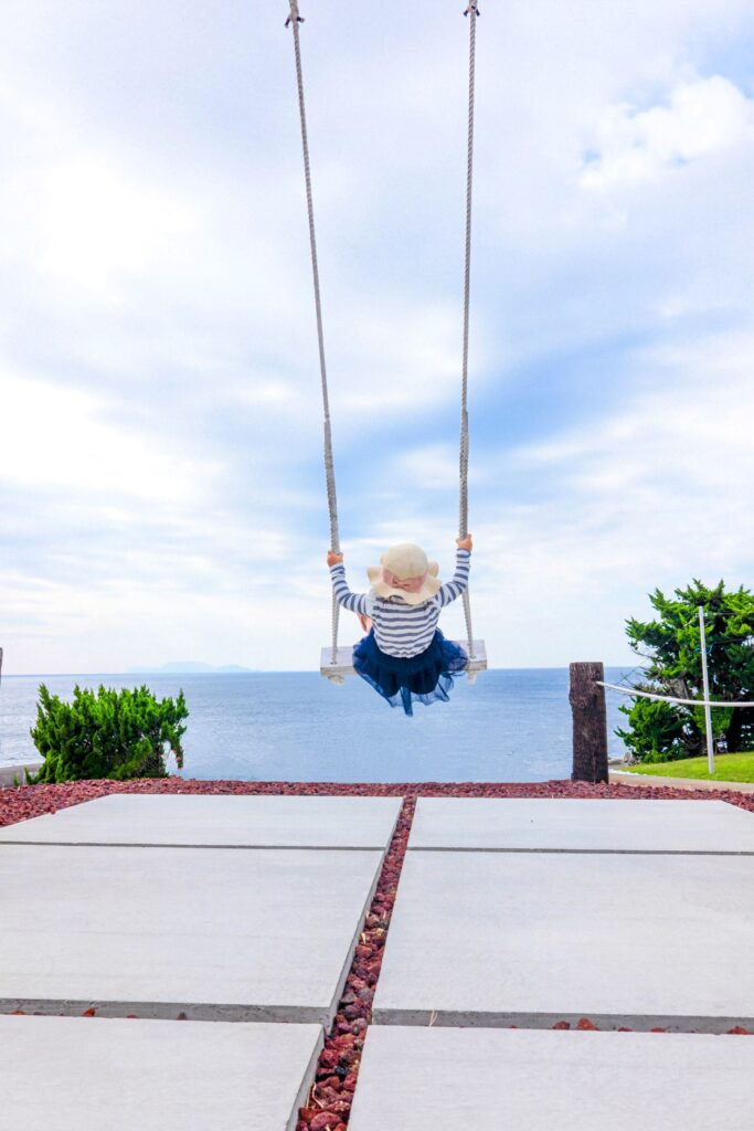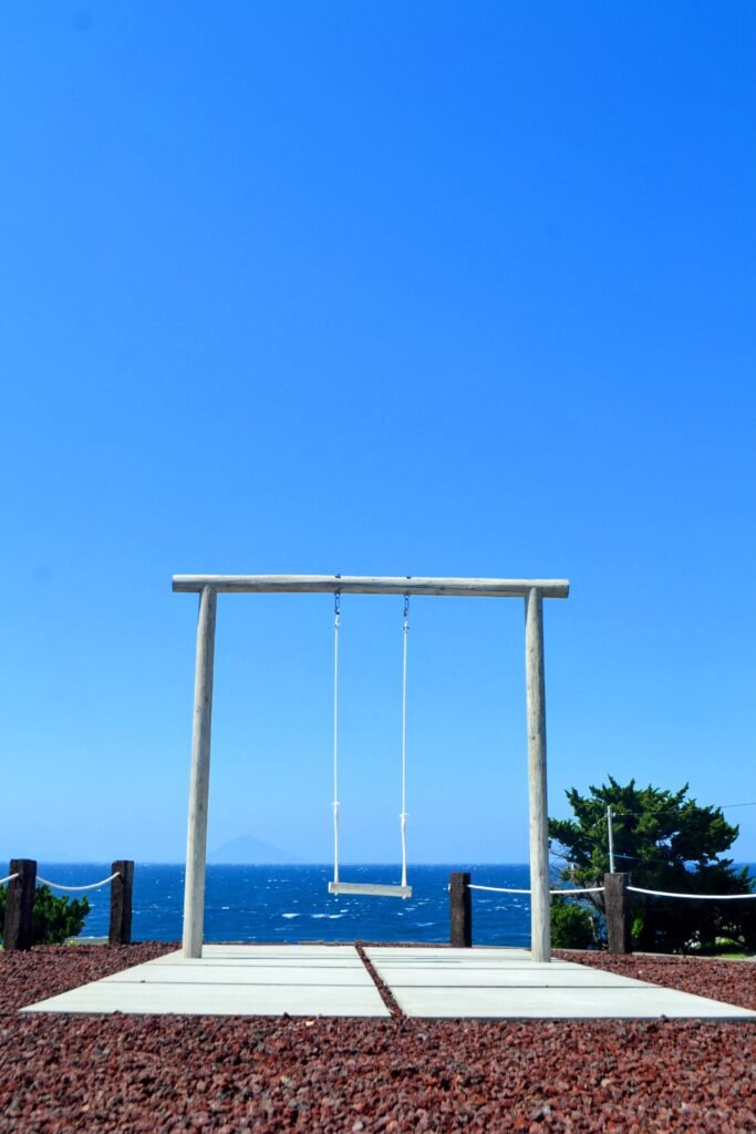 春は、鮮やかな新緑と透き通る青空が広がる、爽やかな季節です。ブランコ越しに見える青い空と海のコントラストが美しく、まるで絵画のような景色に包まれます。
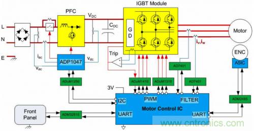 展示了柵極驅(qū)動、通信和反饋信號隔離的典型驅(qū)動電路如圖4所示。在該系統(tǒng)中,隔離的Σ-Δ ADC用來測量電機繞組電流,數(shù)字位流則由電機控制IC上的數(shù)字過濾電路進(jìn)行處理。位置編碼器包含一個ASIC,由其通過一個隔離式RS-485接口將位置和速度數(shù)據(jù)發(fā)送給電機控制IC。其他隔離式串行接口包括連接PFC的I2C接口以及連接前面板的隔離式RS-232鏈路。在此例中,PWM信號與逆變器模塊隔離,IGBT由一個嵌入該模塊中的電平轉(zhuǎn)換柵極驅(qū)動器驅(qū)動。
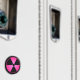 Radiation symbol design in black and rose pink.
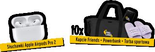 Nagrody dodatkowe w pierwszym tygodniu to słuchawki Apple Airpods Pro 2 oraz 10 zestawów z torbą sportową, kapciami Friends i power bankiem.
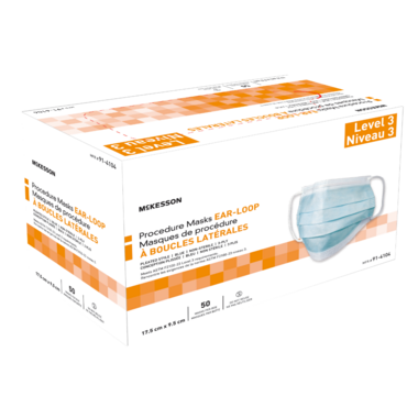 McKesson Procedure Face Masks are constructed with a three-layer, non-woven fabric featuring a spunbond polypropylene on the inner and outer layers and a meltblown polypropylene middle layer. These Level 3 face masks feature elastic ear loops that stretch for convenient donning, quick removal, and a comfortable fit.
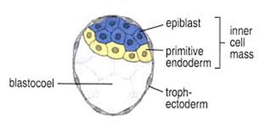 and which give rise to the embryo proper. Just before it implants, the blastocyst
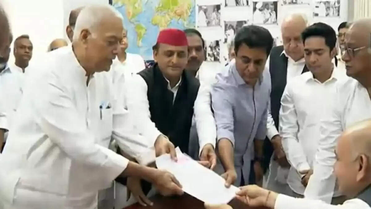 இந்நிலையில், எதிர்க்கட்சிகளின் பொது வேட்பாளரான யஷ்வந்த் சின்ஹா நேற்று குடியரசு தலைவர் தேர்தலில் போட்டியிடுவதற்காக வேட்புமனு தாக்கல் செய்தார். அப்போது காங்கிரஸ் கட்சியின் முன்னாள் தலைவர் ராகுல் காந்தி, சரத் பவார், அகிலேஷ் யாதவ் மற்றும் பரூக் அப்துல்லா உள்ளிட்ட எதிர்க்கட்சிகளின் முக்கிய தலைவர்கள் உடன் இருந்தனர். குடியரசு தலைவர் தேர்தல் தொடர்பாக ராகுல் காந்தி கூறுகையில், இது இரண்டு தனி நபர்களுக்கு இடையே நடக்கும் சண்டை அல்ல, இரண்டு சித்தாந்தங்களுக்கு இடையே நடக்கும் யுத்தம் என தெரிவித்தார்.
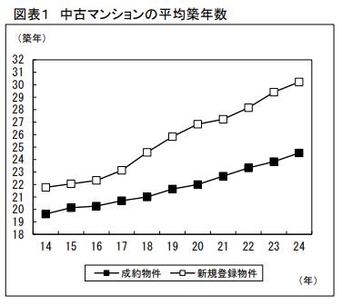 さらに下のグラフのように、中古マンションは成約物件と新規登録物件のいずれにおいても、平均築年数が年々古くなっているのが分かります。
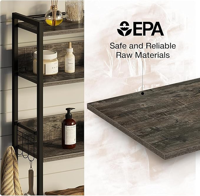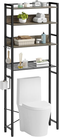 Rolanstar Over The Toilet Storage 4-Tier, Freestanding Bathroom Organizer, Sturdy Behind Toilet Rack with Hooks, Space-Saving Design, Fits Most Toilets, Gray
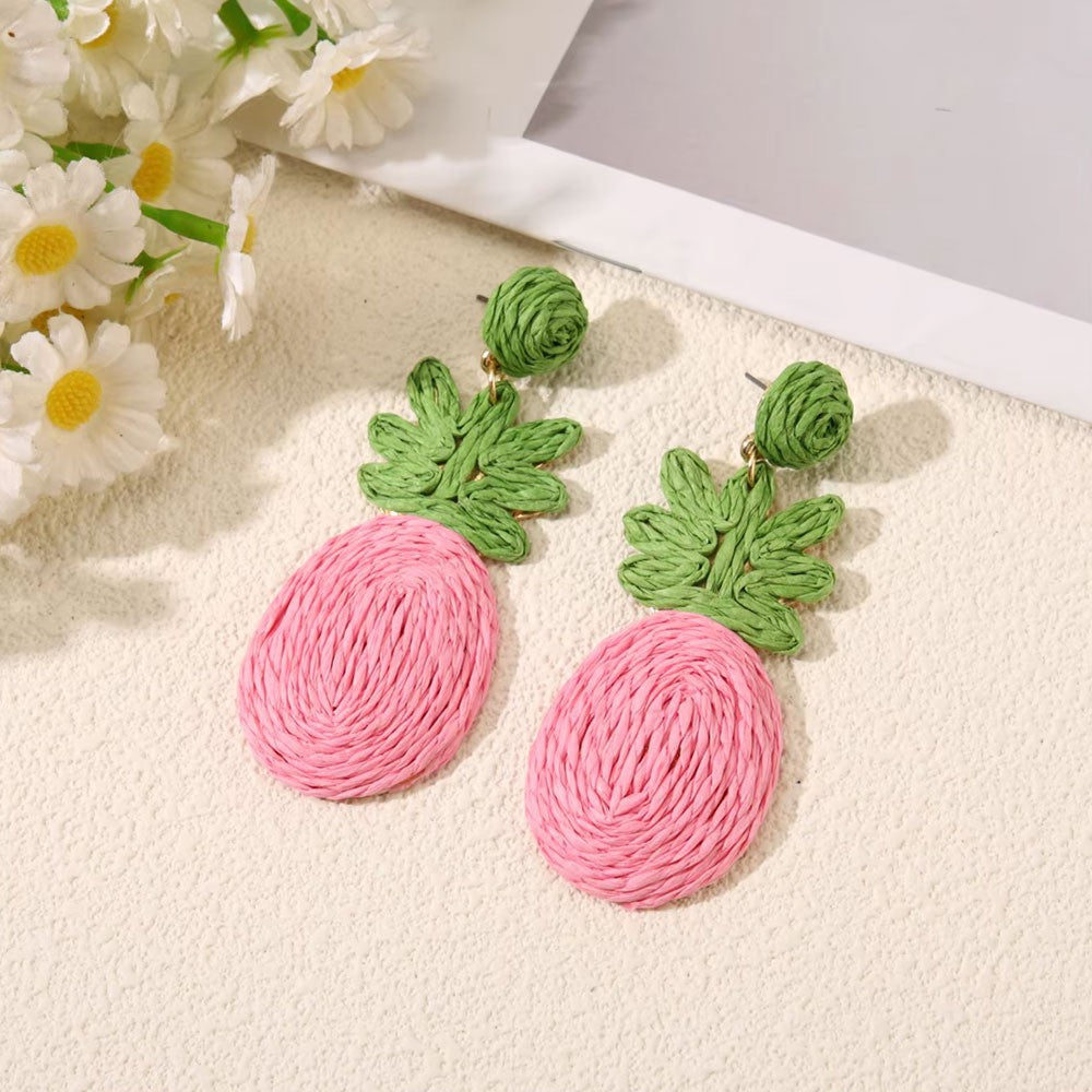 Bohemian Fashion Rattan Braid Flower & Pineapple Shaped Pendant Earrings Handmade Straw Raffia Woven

════════════════

Task instructions: All records should be output exactly, with the pictures left out.

Solution for this exercise:
 春は、鮮やかな新緑と透き通る青空が広がる、爽やかな季節です。ブランコ越しに見える青い空と海のコントラストが美しく、まるで絵画のような景色に包まれます。
 展示了柵極驅(qū)動、通信和反饋信號隔離的典型驅(qū)動電路如圖4所示。在該系統(tǒng)中,隔離的Σ-Δ ADC用來測量電機繞組電流,數(shù)字位流則由電機控制IC上的數(shù)字過濾電路進(jìn)行處理。位置編碼器包含一個ASIC,由其通過一個隔離式RS-485接口將位置和速度數(shù)據(jù)發(fā)送給電機控制IC。其他隔離式串行接口包括連接PFC的I2C接口以及連接前面板的隔離式RS-232鏈路。在此例中,PWM信號與逆變器模塊隔離,IGBT由一個嵌入該模塊中的電平轉(zhuǎn)換柵極驅(qū)動器驅(qū)動。
 Radiation symbol design in black and rose pink.
 Nagrody dodatkowe w pierwszym tygodniu to słuchawki Apple Airpods Pro 2 oraz 10 zestawów z torbą sportową, kapciami Friends i power bankiem.
 McKesson Procedure Face Masks are constructed with a three-layer, non-woven fabric featuring a spunbond polypropylene on the inner and outer layers and a meltblown polypropylene middle layer. These Level 3 face masks feature elastic ear loops that stretch for convenient donning, quick removal, and a comfortable fit.
 and which give rise to the embryo proper. Just before it implants, the blastocyst
 இந்நிலையில், எதிர்க்கட்சிகளின் பொது வேட்பாளரான யஷ்வந்த் சின்ஹா நேற்று குடியரசு தலைவர் தேர்தலில் போட்டியிடுவதற்காக வேட்புமனு தாக்கல் செய்தார். அப்போது காங்கிரஸ் கட்சியின் முன்னாள் தலைவர் ராகுல் காந்தி, சரத் பவார், அகிலேஷ் யாதவ் மற்றும் பரூக் அப்துல்லா உள்ளிட்ட எதிர்க்கட்சிகளின் முக்கிய தலைவர்கள் உடன் இருந்தனர். குடியரசு தலைவர் தேர்தல் தொடர்பாக ராகுல் காந்தி கூறுகையில், இது இரண்டு தனி நபர்களுக்கு இடையே நடக்கும் சண்டை அல்ல, இரண்டு சித்தாந்தங்களுக்கு இடையே நடக்கும் யுத்தம் என தெரிவித்தார்.
 さらに下のグラフのように、中古マンションは成約物件と新規登録物件のいずれにおいても、平均築年数が年々古くなっているのが分かります。
 Rolanstar Over The Toilet Storage 4-Tier, Freestanding Bathroom Organizer, Sturdy Behind Toilet Rack with Hooks, Space-Saving Design, Fits Most Toilets, Gray
 Bohemian Fashion Rattan Braid Flower & Pineapple Shaped Pendant Earrings Handmade Straw Raffia Woven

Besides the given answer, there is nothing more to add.